是否有不同列的条件值的R函数?
假设您有一个看起来像这样的数据框架:
df <- tibble(PatientID = c(1,2,3,4,5),
Treat1 = c("R", "O", "C", "O", "C"),
Treat2 = c("O", "R", "R", NA, "O"),
Treat3 = c("C", NA, "O", NA, "R"),
Treat4 = c("H", NA, "H", NA, "H"),
Treat5 = c("H", NA, NA, NA, "H"))
Treat 1:Treat5是患者所拥有的不同治疗方法。我希望创建一个新的变量“化学疗法”,其中1个,是0,0否基于患者是否接受过“ C”的治疗。
我一直在使用if_else(),但是由于我的实际数据集中有10个不同的处理变量,而且我想每个治疗列创建这样的列,我想知道我是否可以在不写这么长时间的情况下做到这一点。有一个更简单的方法吗?

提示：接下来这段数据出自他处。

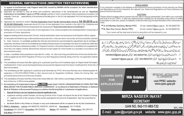 - Applicants must deposit test fee of Rs 600/- in favor of PPSC.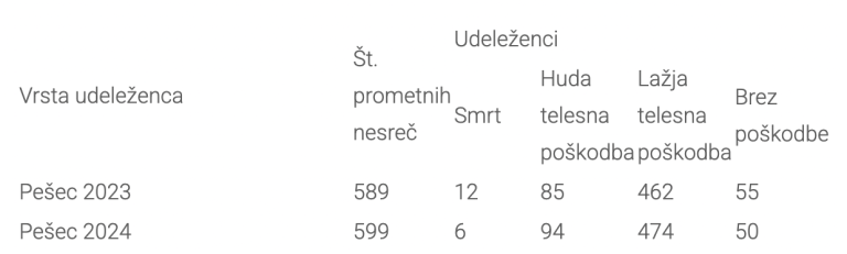 V letu 2024 pa so zabeležili še deset nesreč več, torej 599, s smrtnim izidom pa se je končala polovica manj nesreč, torej šest. Je pa bilo v lanskem letu v primerjavi s predlanskim devet pešcev več hudo poškodovanih in osem več z lažjimi telesnimi poškodbami. Brez poškodb jo je lani odneslo 50 pešcev.
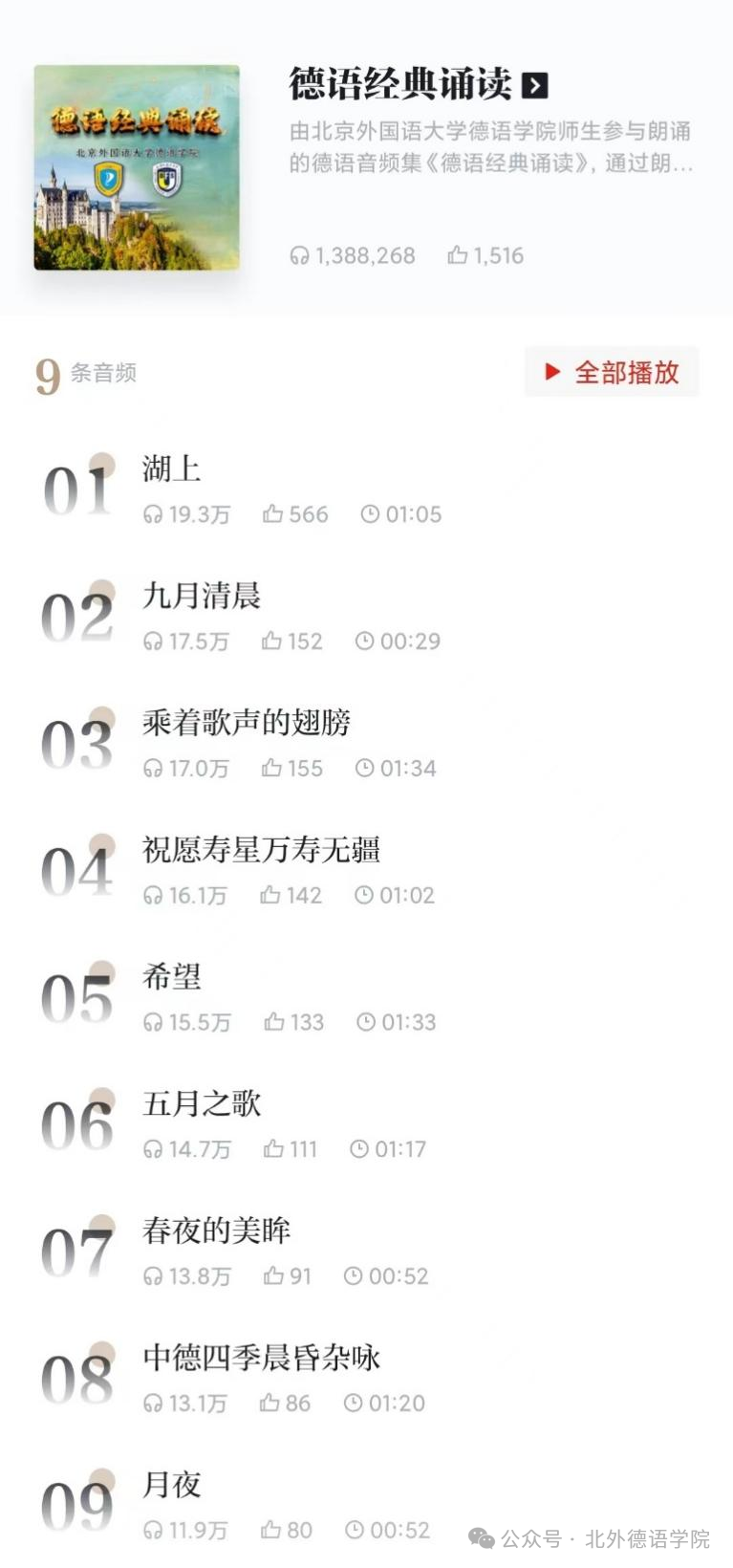 在党总支书记、院长吴江,党总支常务副书记李勇,党总支委员、副院长张晓玲、寇蔻,教职工党支部宣传委员孙嘉惠以及辅导员黄唯城的精心组织下,开展了本科生德语经典诗歌朗诵活动并将双语音频专辑《德语经典诵读》成果发表于学习强国平台。《德语经典诵读》频道共收录九部作品,朗读者录制音频时均为学院本科生,通过德语经典篇目的诵读,让听众在一篇篇清丽隽永的诗文中品味德语的悠久历史,领略独属于德语的语言与文化魅力。截至近日,此频道累计收获近140万播放量与上千条点赞量。
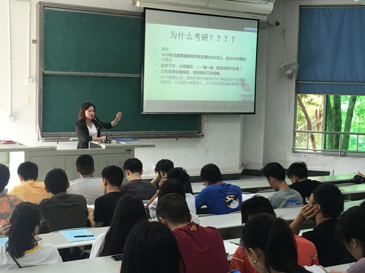 动员大会上,新华文登教育讲师向同学们详细的阐述了考研的重要性,表示了考研是对一个人毅力的锻炼。随后,她又为同学们具体分析了当前的考研形势,指出当今社会越来越重视学历层次的高低,因此考研也就成了现代教育发展的必然趋势。老师表示,同学们可以通过考研来提升自己的学习能力、工作能力以及社会竞争力,这样才能更好的适应社会。最后,老师还简单的介绍了一些学生毕业后的主要就业方向,如到企业、报考公务员和事业单位等,并希望同学们能提早做打算,定目标,充分利用这在校的最后一年时间竭尽全力提升自己的能力。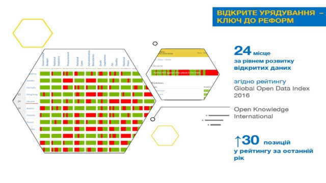 У світовому рейтингу відкритості державних даних Global Open Data Index за 2016 рік Україна піднялася до 24 позиції з 94 країн світу, тоді як у 2015 році посідала 54 місце.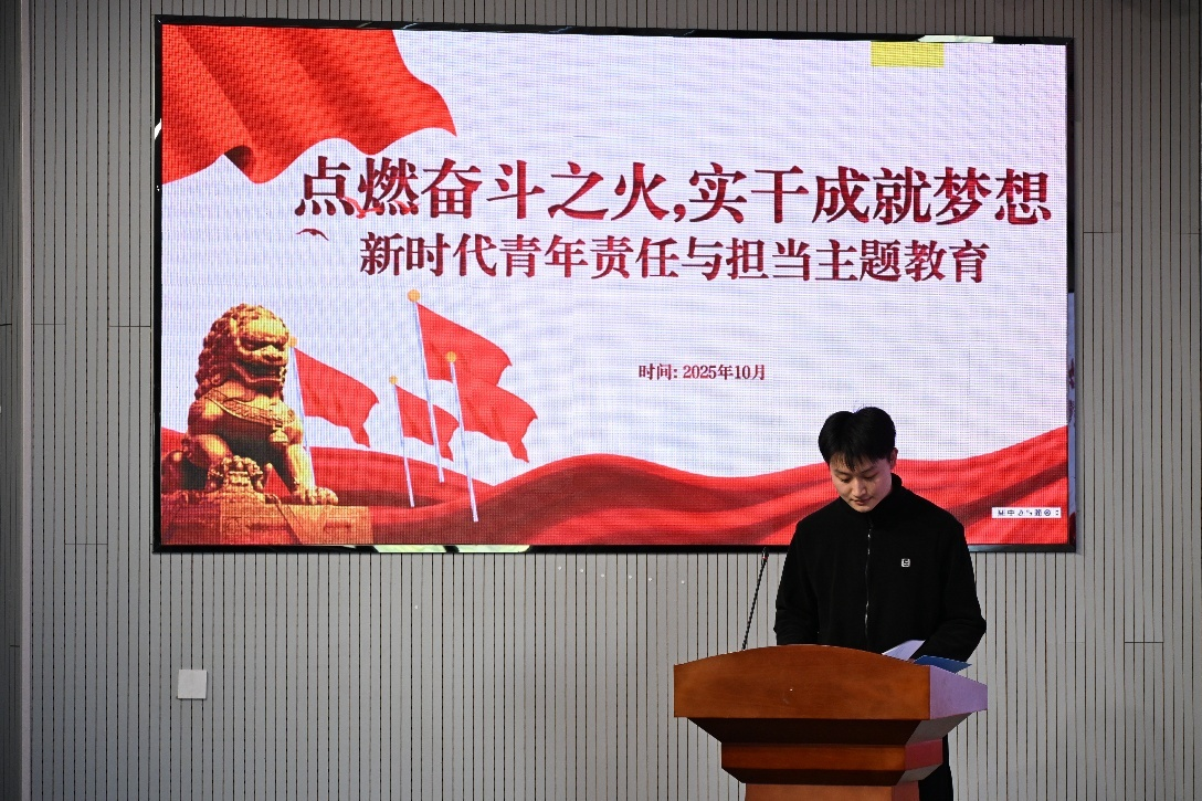 第四党支部副书记王成才同学首先以“点燃奋斗之火,实干成就梦想”为题,结合其服务师生、组织协调多项活动的实践经历,深刻阐述了新时代青年的责任内涵。他指出,坚定的信仰并非空中楼阁,而是扎根于每一次挺身而出、每一次尽职尽责的具体行动中。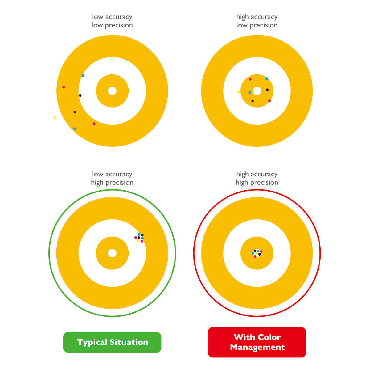 那么,对于使用软式打样的屏幕,有没有其他的要求呢?当然。除了屏幕需要校正外,色彩的准确性在这里也非常的重要。我们在这里用打靶练习的情境来解说色彩的准确性是多么的重要。在一般所使用的屏幕中,我们每次都会看到同样的颜色,但是这个颜色不一定会在靶心上,就像图二中左下角所示。但当我们应用色彩管理时,屏幕上每次显示的颜色就会很准确地在正中心,如图二中的右下角所示。这样可以确保使用者每次都看到的色彩都是一样的。
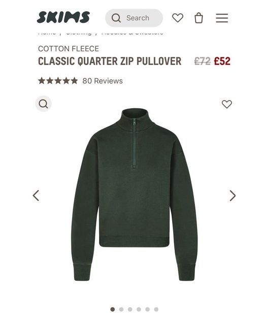 Skims Classic Quarter Zip Pullover in Spruce Size XL New with tags Photos don’t quite capture the colour as it looks in person so I include a screenshot from the website to give a better idea of the colour Any questions please do not hesitate to ask Thanks for looking!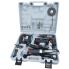 dans une malette: perceuse à percussion, scie sauteuse, ponceuse vibrante, meuleuse d'angle une main, 9x forets, 6x embouts, 1x porte-embouts, 4x tige de corindon, 2x lame de scie, 5x papier à poncer, 1x disque à dégrossir (M12555) dimensions de la malette: (L)532 x (P)442 x (H)136 mm, couleur: noir

Suppose you have a dataframe that looks something like this:
df <- tibble(PatientID = c(1,2,3,4,5),
Treat1 = c("R", "O", "C", "O", "C"),
Treat2 = c("O", "R", "R", NA, "O"),
Treat3 = c("C", NA, "O", NA, "R"),
Treat4 = c("H", NA, "H", NA, "H"),
Treat5 = c("H", NA, NA, NA, "H"))
Treat 1:Treat5 are different treatments that a patient has had. I'm looking to create a new variable "Chemo" with 1 for yes, 0 for no based on whether a patient has had treatment "C".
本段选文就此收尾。